§ **DATA SUPPLIED**
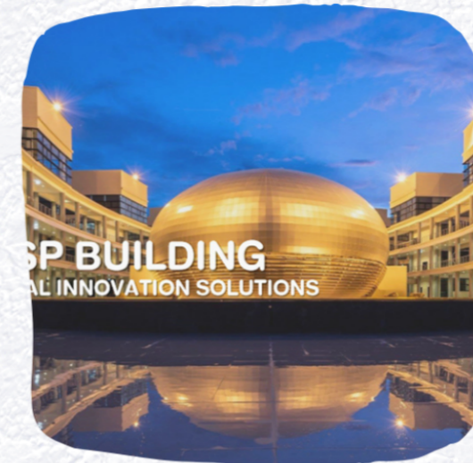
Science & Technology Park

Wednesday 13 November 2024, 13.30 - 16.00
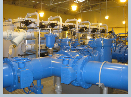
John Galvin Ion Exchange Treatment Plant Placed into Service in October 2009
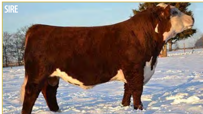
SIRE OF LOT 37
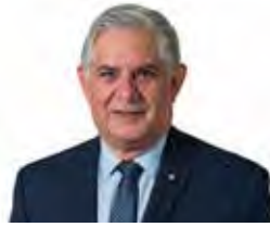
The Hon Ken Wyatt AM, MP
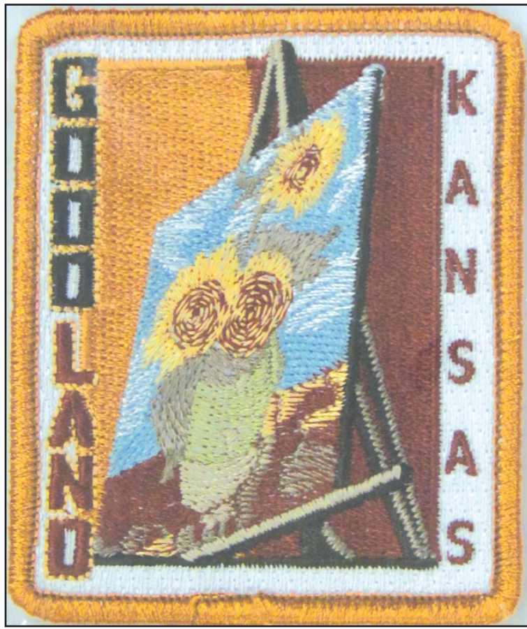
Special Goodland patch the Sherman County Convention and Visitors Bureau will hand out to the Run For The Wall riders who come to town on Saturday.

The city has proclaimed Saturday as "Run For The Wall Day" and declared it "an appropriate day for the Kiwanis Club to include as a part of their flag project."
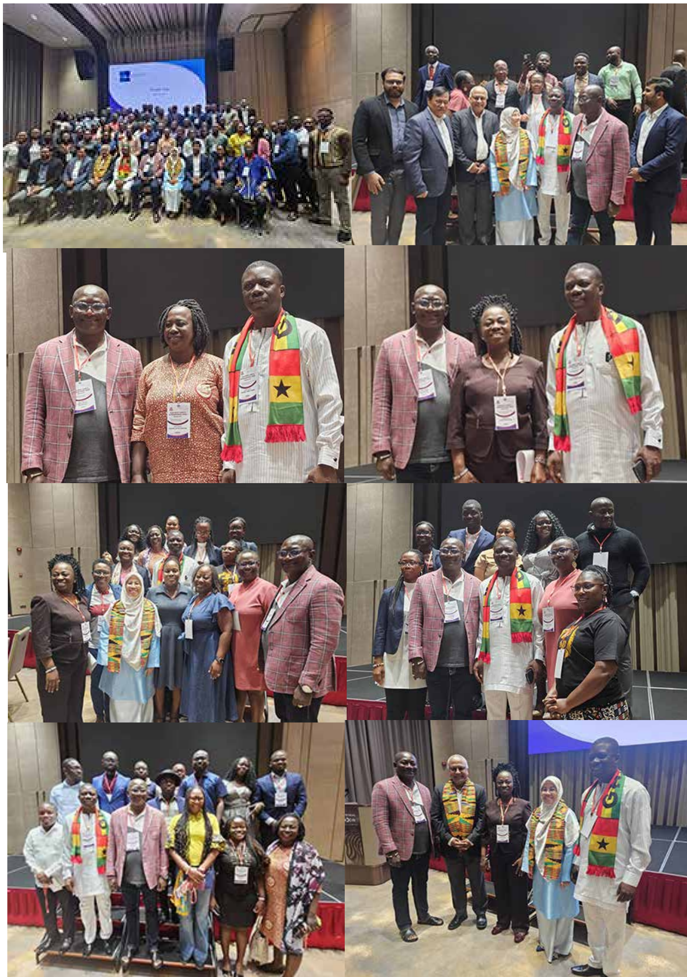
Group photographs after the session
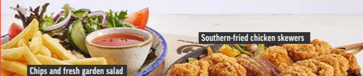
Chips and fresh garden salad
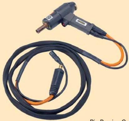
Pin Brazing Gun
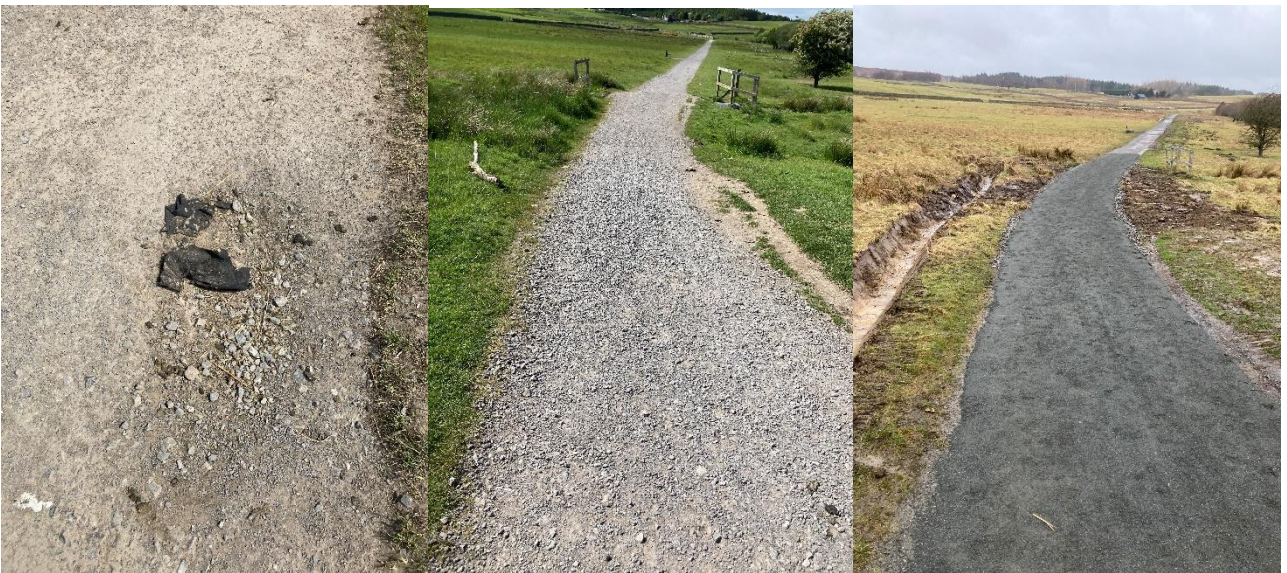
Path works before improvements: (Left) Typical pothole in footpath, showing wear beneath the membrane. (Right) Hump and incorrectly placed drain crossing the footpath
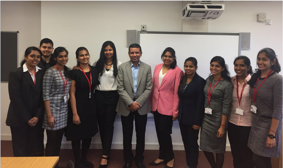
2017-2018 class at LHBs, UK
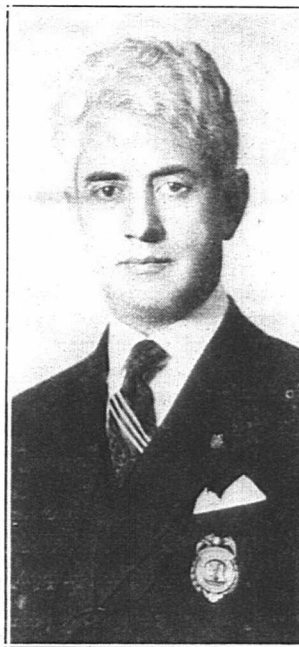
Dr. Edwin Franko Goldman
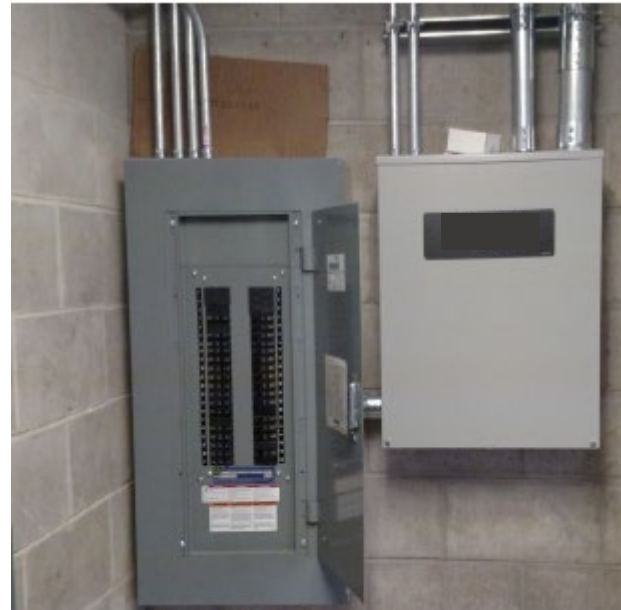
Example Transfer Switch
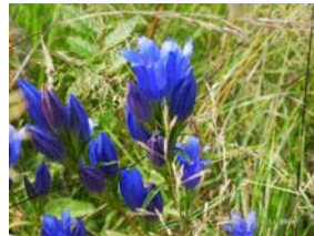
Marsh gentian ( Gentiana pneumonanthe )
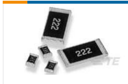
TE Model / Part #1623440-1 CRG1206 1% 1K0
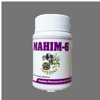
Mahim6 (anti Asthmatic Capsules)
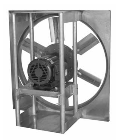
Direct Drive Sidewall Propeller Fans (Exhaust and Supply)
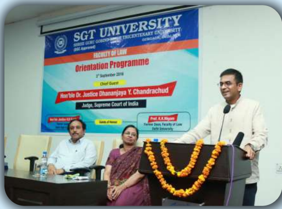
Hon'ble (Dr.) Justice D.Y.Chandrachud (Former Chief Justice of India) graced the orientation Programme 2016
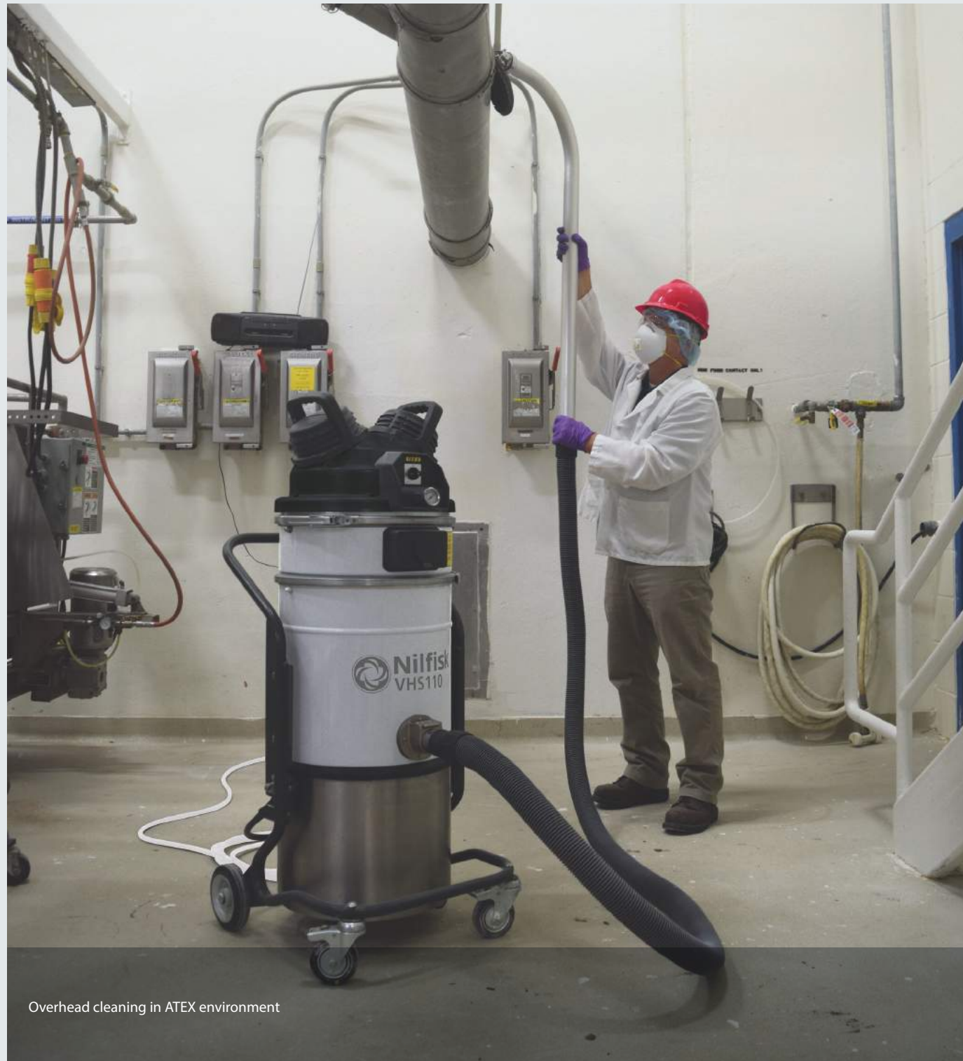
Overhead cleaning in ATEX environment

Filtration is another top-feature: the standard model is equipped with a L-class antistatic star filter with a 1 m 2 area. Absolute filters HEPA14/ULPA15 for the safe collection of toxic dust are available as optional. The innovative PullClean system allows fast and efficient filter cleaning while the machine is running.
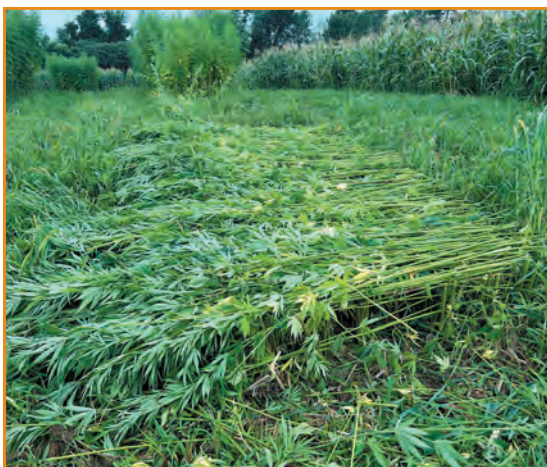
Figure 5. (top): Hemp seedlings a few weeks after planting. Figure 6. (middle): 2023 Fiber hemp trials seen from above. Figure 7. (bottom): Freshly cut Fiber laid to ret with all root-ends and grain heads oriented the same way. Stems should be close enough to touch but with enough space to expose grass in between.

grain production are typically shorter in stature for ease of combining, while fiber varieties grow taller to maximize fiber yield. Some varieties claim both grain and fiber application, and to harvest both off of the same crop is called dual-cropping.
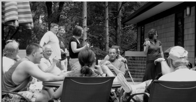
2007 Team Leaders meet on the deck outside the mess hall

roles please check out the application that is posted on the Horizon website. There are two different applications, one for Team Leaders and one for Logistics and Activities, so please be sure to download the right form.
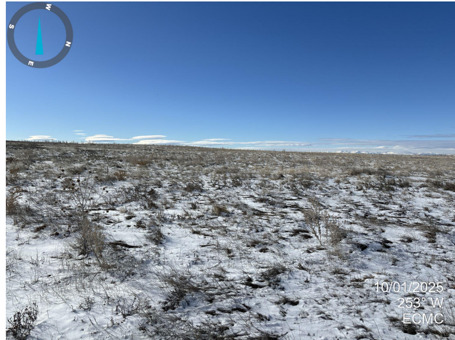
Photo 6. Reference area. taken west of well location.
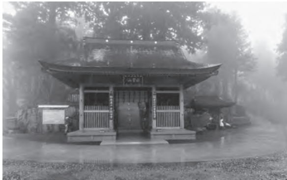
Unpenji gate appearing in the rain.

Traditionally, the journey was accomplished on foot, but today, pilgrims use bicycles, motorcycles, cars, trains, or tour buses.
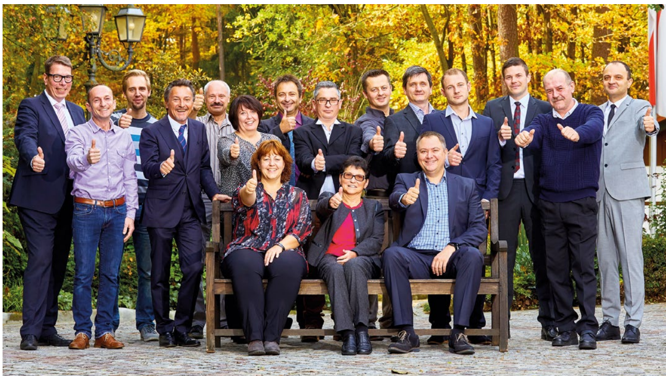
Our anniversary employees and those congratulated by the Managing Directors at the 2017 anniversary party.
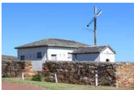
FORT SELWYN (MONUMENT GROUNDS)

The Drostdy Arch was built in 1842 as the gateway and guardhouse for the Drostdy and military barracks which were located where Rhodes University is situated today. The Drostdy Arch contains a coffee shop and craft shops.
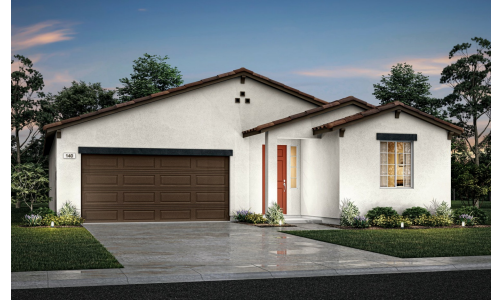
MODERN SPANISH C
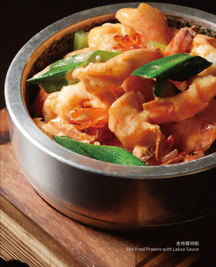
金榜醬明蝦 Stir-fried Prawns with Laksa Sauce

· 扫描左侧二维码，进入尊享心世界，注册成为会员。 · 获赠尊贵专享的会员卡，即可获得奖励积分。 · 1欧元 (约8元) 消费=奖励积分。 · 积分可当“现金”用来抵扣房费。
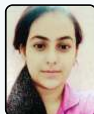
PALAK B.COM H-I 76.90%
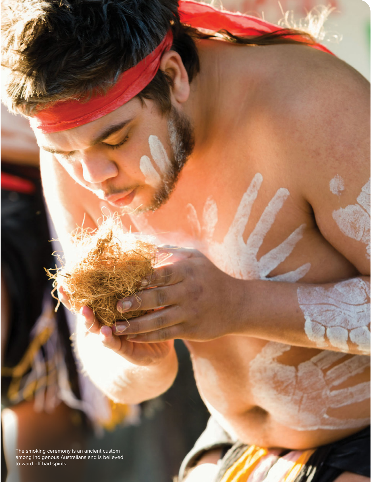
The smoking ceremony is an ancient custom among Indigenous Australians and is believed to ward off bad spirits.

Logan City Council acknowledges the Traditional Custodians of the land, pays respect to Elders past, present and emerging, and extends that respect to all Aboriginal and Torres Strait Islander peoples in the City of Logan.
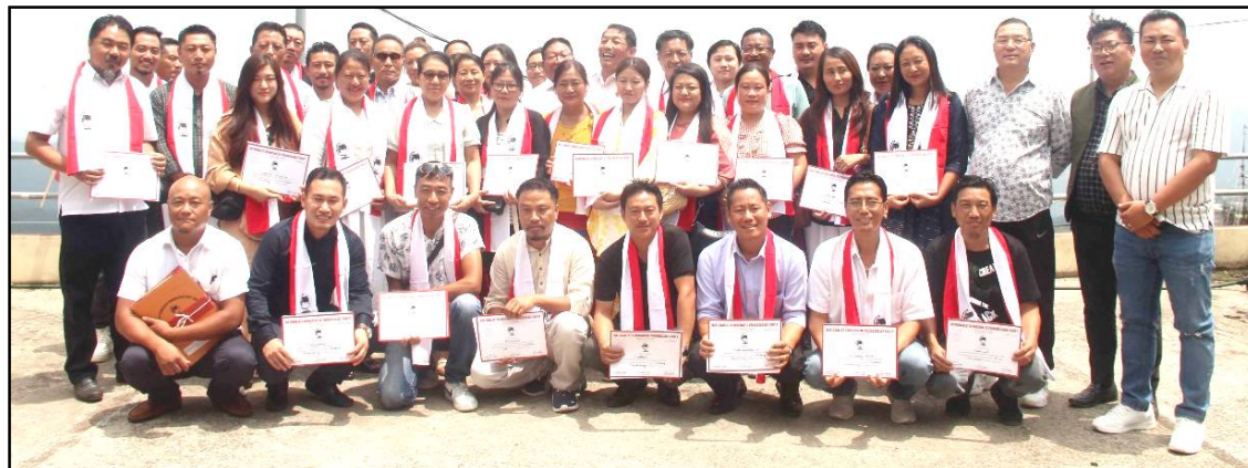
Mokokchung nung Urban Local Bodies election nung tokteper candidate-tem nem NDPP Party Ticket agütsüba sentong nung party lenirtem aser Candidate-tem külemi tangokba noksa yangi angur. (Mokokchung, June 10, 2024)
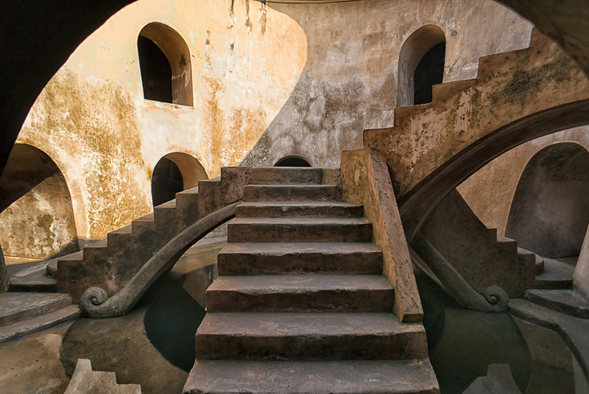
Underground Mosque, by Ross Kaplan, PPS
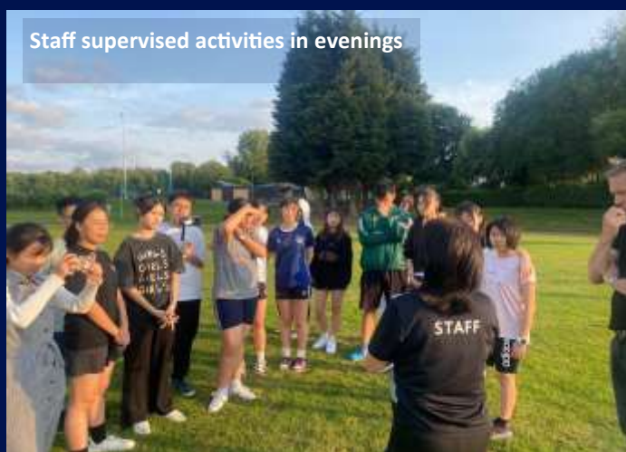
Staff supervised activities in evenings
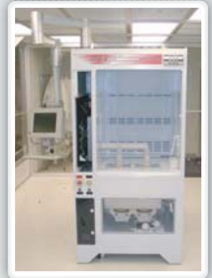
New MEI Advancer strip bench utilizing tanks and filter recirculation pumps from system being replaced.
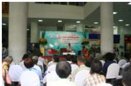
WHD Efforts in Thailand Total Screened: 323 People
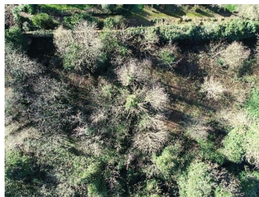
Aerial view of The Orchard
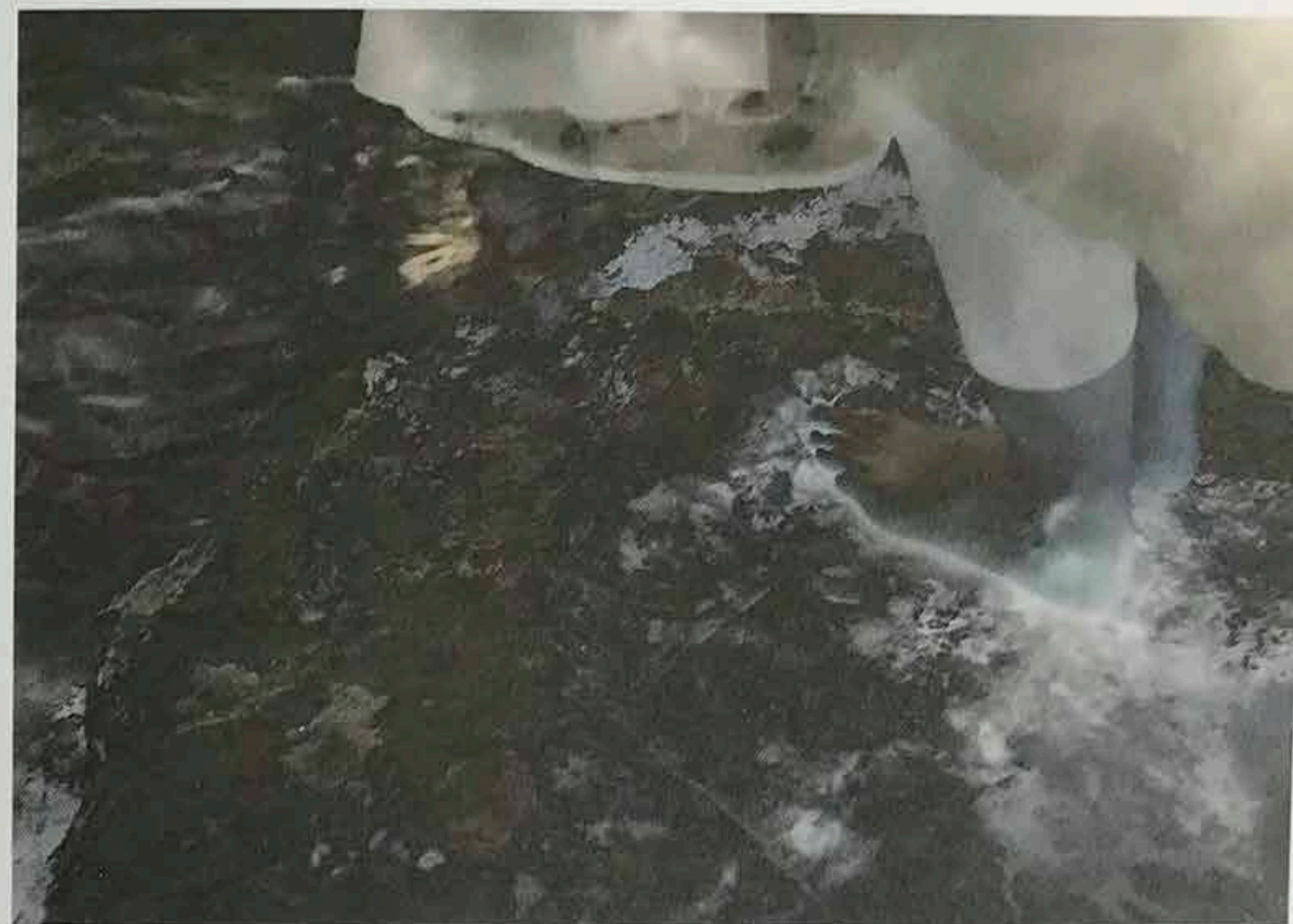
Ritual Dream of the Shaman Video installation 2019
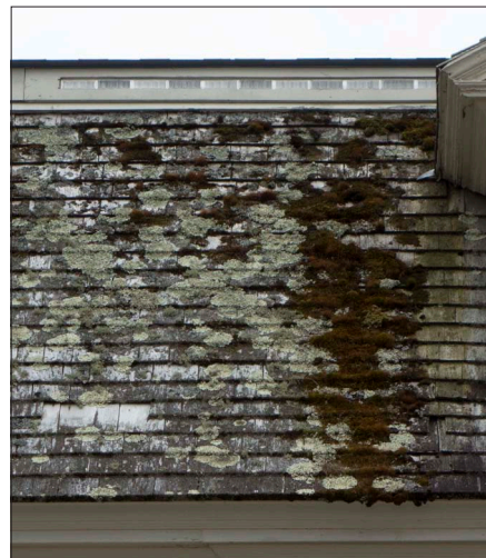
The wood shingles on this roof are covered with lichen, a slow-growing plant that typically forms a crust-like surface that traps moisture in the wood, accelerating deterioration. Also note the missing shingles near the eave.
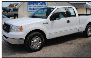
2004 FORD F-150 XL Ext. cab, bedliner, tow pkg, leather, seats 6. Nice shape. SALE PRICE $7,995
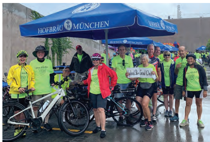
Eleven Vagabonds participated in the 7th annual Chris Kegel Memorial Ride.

§ **EXERCISE INSTRUCTIONS**
Leaving out the pictures, please output the lines in the entries above from the one with "Dr. Edwin Franko Goldman" through the one with "PALAK B.COM H-I 76.90%", exactly as they are.

§ **RESPONSE BELOW**
Dr. Edwin Franko Goldman
Example Transfer Switch
Marsh gentian ( Gentiana pneumonanthe )
TE Model / Part #1623440-1 CRG1206 1% 1K0
Mahim6 (anti Asthmatic Capsules)
Direct Drive Sidewall Propeller Fans (Exhaust and Supply)
Hon'ble (Dr.) Justice D.Y.Chandrachud (Former Chief Justice of India) graced the orientation Programme 2016
Overhead cleaning in ATEX environment

Filtration is another top-feature: the standard model is equipped with a L-class antistatic star filter with a 1 m 2 area. Absolute filters HEPA14/ULPA15 for the safe collection of toxic dust are available as optional. The innovative PullClean system allows fast and efficient filter cleaning while the machine is running.
Figure 5. (top): Hemp seedlings a few weeks after planting. Figure 6. (middle): 2023 Fiber hemp trials seen from above. Figure 7. (bottom): Freshly cut Fiber laid to ret with all root-ends and grain heads oriented the same way. Stems should be close enough to touch but with enough space to expose grass in between.

grain production are typically shorter in stature for ease of combining, while fiber varieties grow taller to maximize fiber yield. Some varieties claim both grain and fiber application, and to harvest both off of the same crop is called dual-cropping.
2007 Team Leaders meet on the deck outside the mess hall

roles please check out the application that is posted on the Horizon website. There are two different applications, one for Team Leaders and one for Logistics and Activities, so please be sure to download the right form.
Photo 6. Reference area. taken west of well location.
Unpenji gate appearing in the rain.

Traditionally, the journey was accomplished on foot, but today, pilgrims use bicycles, motorcycles, cars, trains, or tour buses.
Our anniversary employees and those congratulated by the Managing Directors at the 2017 anniversary party.
FORT SELWYN (MONUMENT GROUNDS)

The Drostdy Arch was built in 1842 as the gateway and guardhouse for the Drostdy and military barracks which were located where Rhodes University is situated today. The Drostdy Arch contains a coffee shop and craft shops.
MODERN SPANISH C
金榜醬明蝦 Stir-fried Prawns with Laksa Sauce

· 扫描左侧二维码，进入尊享心世界，注册成为会员。 · 获赠尊贵专享的会员卡，即可获得奖励积分。 · 1欧元 (约8元) 消费=奖励积分。 · 积分可当“现金”用来抵扣房费。
PALAK B.COM H-I 76.90%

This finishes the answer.